Horário: 3ª-feira, das 11h às 12h.

 

Obra: Holocausto brasileiro, de Daniela Arbex     

Responsável: Mestrando José Geraldo Magalhães Júnior (josemagalhaesjr@gmail.com)

A história: A obra traz os relatos históricos vivenciados por milhares de pacientes durante décadas. Eles foram internados, sem diagnóstico de doença mental, no maior hospício na cidade de Barbacena/MG. Eram epiléticos, alcoólatras, homossexuais e prostitutas. Foram violentados, torturados e mortos sem que ninguém se importasse com seu destino. Jornalistas famosos das décadas de 1960 e 1970 fizeram reportagens denunciando os maus-tratos. O que se praticou no hospício de Barbacena foi um genocídio, com 60 mil mortes. A obra traz os detalhes de um holocausto praticado pelo Estado com a conivência de médicos, funcionários e da população.

Metodologia: Explicação da obra e contextualização histórica de seu conteúdo, biografia da autora e sua presença no cenário da grande mídia. Distribuição dos capítulos e durante a oficina discussões que irão envolver a narrativa de Arbex e suas características

Horário: 4ª e 5ª-feiras, das 18h às 19h.


Obras: Antropologia do Corpo e Modernidade e A dominação masculina, de David Le Breton e Pierre Bourdieu     

Responsável: Raija Camargo (raija.cs@gmail.com)

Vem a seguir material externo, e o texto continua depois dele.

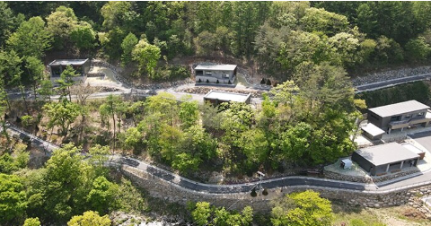 - 노목 구역: 4인실 (33㎡) 위주로 구성되어 있으며, 각 동이 별처럼 립(立)되어 배치되어 있어 프라이버시가 확실히 보장됩니다. 각 실 앞에 전용 주차 공간이 2대씩 배정되어 있어 차량 이용이 매우 편리합니다.
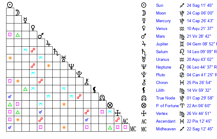 | Moon | 24 Capricorn 0 | 18 Scorpio 16 | 2 Capricorn 38 |
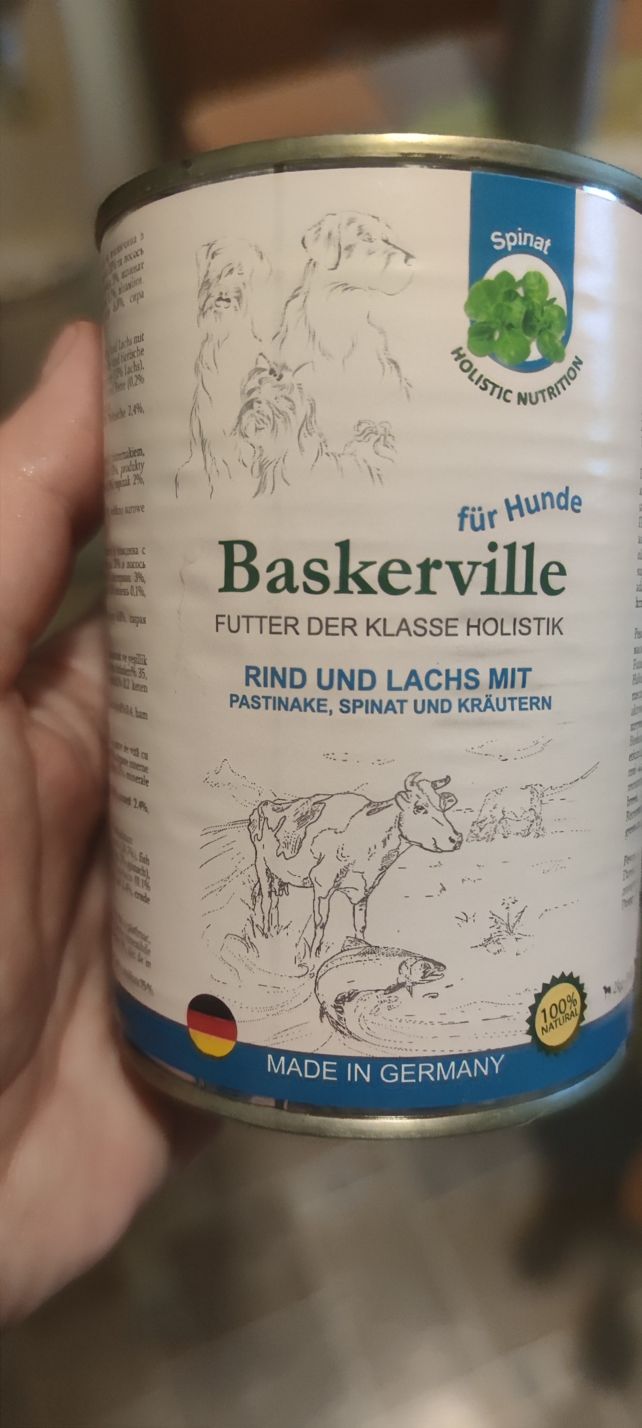 Консервований корм для собак Baskerville з лососем та яловичиною – це повноцінне збалансоване харчування для собак із нормальною активністю, створене для підтримки загального здоров’я, гарного самопочуття та енергійності тварини. Завдяки унікальній рецептурі та натуральним інгредієнтам корм забезпечує організм необхідними поживними речовинами, сприяє правильному обміну речовин, підтримує здорову шкіру та блискучу шерсть, а також допомагає забезпечити енергію для активного життя.
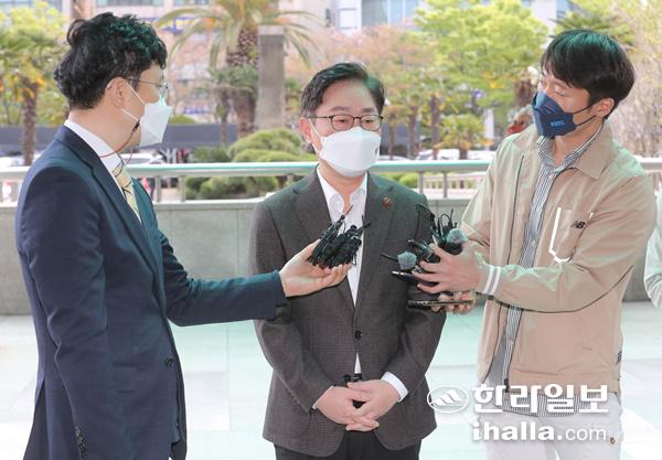 박 장관은 2일 제주지방검찰청 앞에서 기자들의 질문에 대답하고 있다.
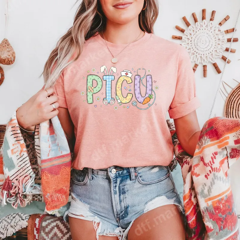 See allShow your dedication to the Pediatric Intensive Care Unit with this charming Easter-themed PICU DTF transfer! This delightful ready to press design features 'PICU' in a playful, bubbly style with vibrant pastel colors and whimsical patterns. Each letter is adorned with cute details like bunny ears, a nurse's cap, a stethoscope, and a carrot, surrounded by tiny hearts, flowers, and band-aids. It’s a perfect touch of spring cheer for your scrubs or casual wear. This adorable heat press transfer is ideal for dedicated PICU nurses, medical staff, and healthcare heroes. It's an excellent apparel transfer for celebrating Easter, spring, Nurse Appreciation Week, or as a thoughtful gift for a colleague, friend, or family member in pediatric intensive care. Show off your specialty with festive flair that brings smiles to everyone, especially little patients. Applying this professional-grade DTF transfer is incredibly easy. Our ready to press transfer adheres beautifully to cotton, polyester, and blends. For best results, use a heat press at 300-325°F for 15 seconds (cold peel). A household iron works for smaller projects too! There’s no weeding required, unlike traditional iron on transfer applications. Experience superior quality with our durable heat press design. Each t-shirt transfer offers vibrant colors, crisp details, and exceptional durability, resisting cracking and fading. The soft-touch finish ensures comfort. Our premium DTF film and strong adhesive guarantee a long-lasting, professional finish. Get ready for compliments on your unique and heartfelt apparel!
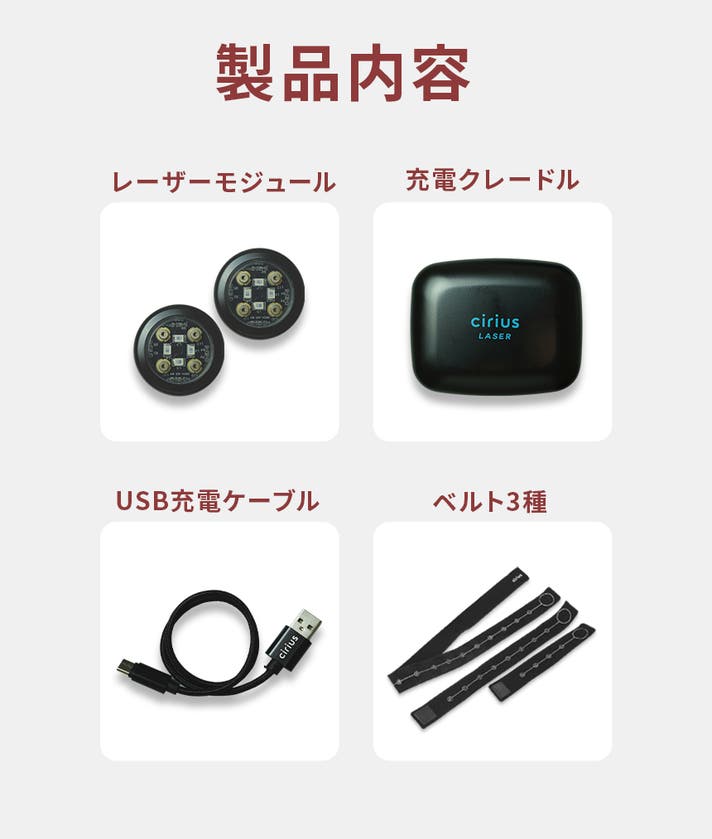 本体、充電ケース、充電ケーブル、固定用ベルト3種

A temática: A oficina se dedicará ao estudo e à abordagem crítica sobre o corpo e a supervalorização dos padrões estéticos pela mídia contemporânea. As obras nos permitirão refletir sobre moda, consumo, corpo e estética no tempo presente sob o olhar das dinâmicas culturais e discutir o papel das mídias e dos comunicadores na formação de opinião e identidade de indivíduo por este viés.

Relacionando o ‘corpo’, objeto de pesquisa da presente oficina, com a definição de violência simbólica apontada por Pierre Bourdieu em A Dominação Masculina, a corporeidade da mulher é representada e reproduzida pelas mídias através de um olhar androcentrado.

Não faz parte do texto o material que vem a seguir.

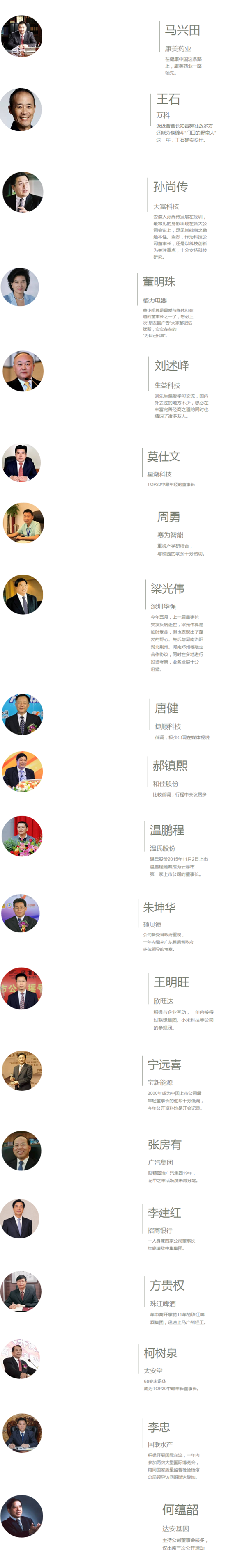 恰逢周一是2016年第一个熔断日,推出广东省2015年“最忙董事长TOP20”,或可为股民们提供风向标。
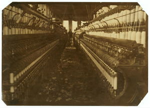(For Child Welfare Exhibit 1912-13.) View in a Pawtucket, R.I., cotton mill showing accumulation of lint on floor. The air is full of it too, but photo doesn't show it. Location: Pawtucket, Rhode Island.
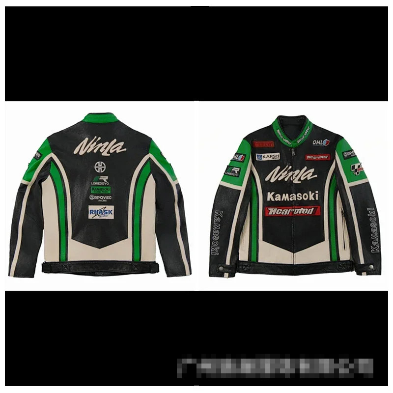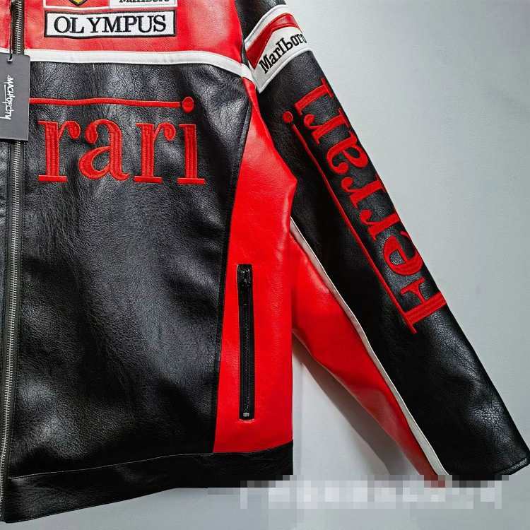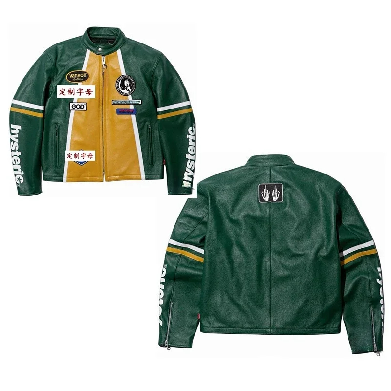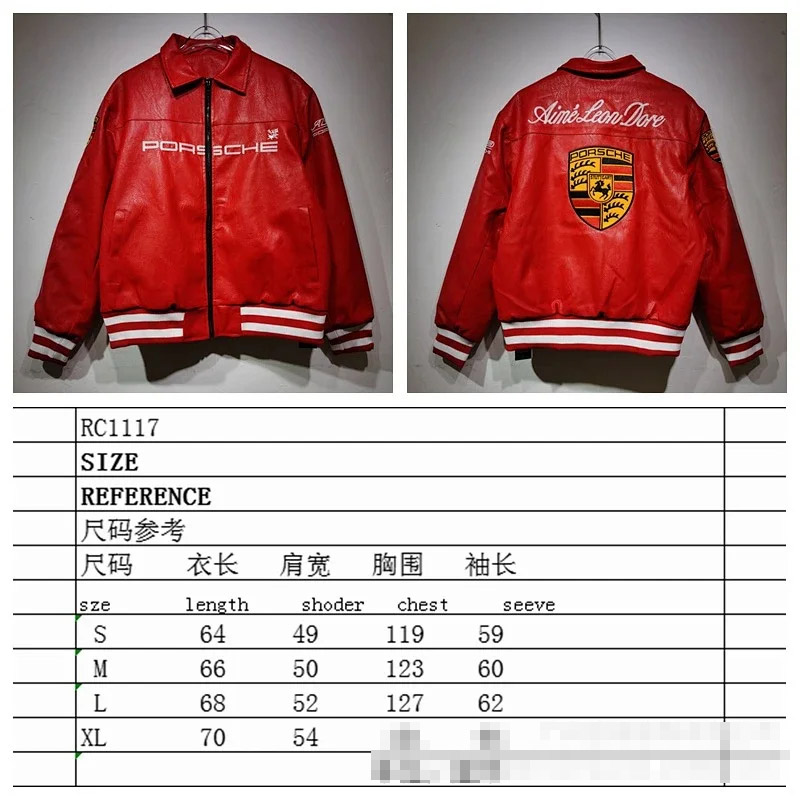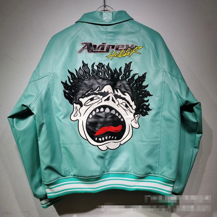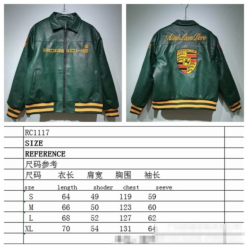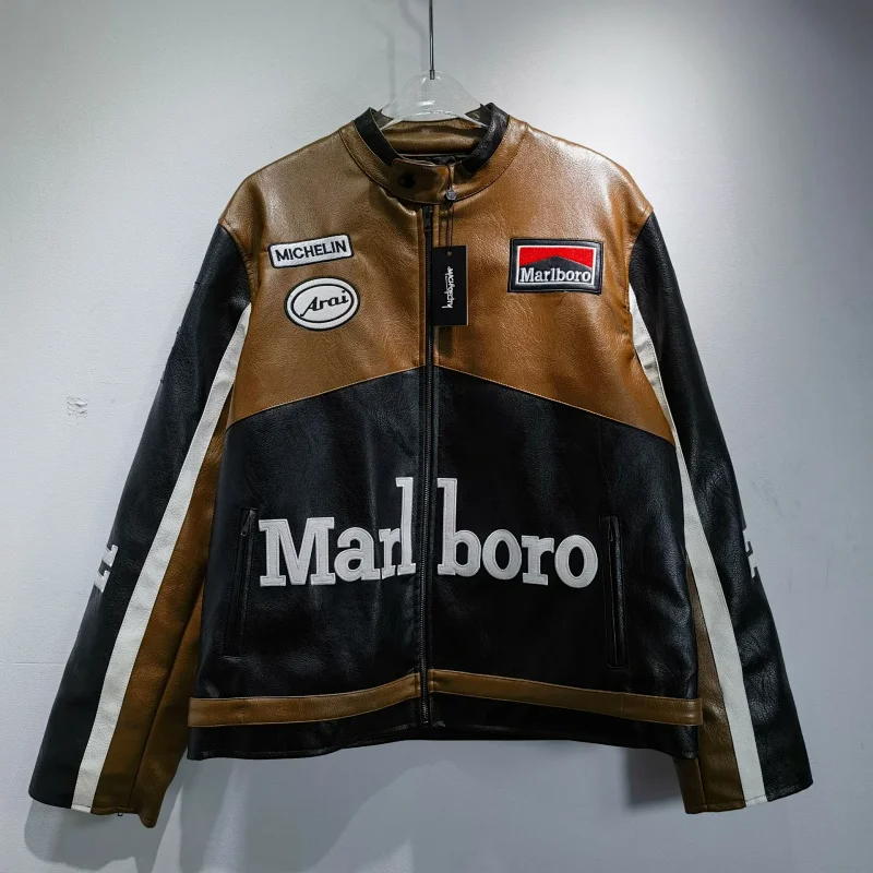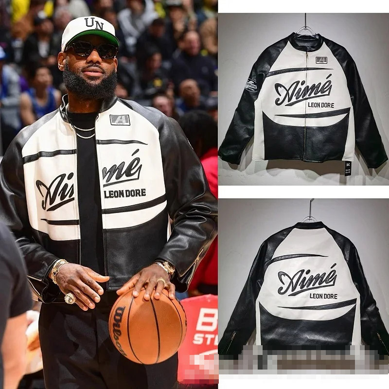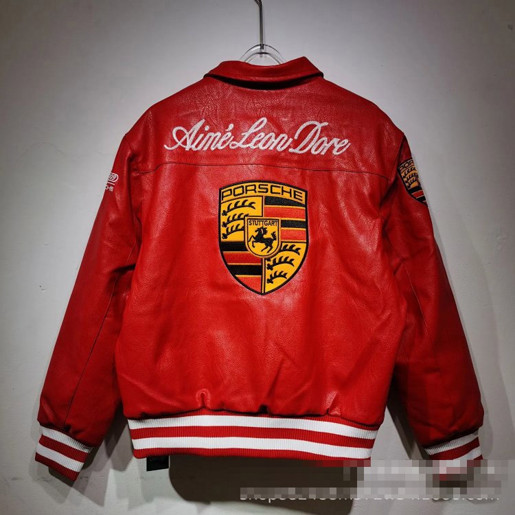 Marlboro Aime Leon Dore Maglia da baseball con cerniera in pelle-5517

David Le Breton é professor de Sociologia e Antropologia da Universidade de Strasbourg na França. O pesquisador se debruça a entender as questões que abrangem os estudos sobre corpo e corporeidade, fazendo sempre um paralelo com a contemporaneidade. Breton faz uma crítica fundamentada em seus estudos antropológicos em relação ao trato do sujeito contemporâneo com seu corpo, abordando temas como consumo, subjetividade, comunidade e pós-modernidade, situando conceitos de corporeidade como manifestação cultural.

Complementar à obra de Breton, A Dominação Masculina, de Pierre Bourdieu, dialoga em muitos pontos com os conceitos de corporeidade e cultura presentes na obra de Breton. A Dominação Masculina trata as questões de gênero e situa o corpo feminino como objeto de opressão. Subordinação feminina e construção do imaginário são outros pontos altos do livro, que traz também o conceito de violência simbólica.

“Sempre vi na dominação masculina, e no modo como é imposta e vivenciada, o exemplo por excelência desta submissão paradoxal, resultante daquilo que eu chamo de violência simbólica, violência suave, insensível, invisível, a suas próprias vítimas, que se exerce essencialmente pelas vias puramente simbólicas da comunicação e do conhecimento” (trecho do preâmbulo). A ideia é colocar os dois autores em diálogo

Metodologia: A metodologia se valerá da leitura partilhada. Os oficineiros irão escolher capítulos que serão debatidos

Horário: 2ª-feiras, das 11 às 12h; 3ª-feiras, das 18 às 19h.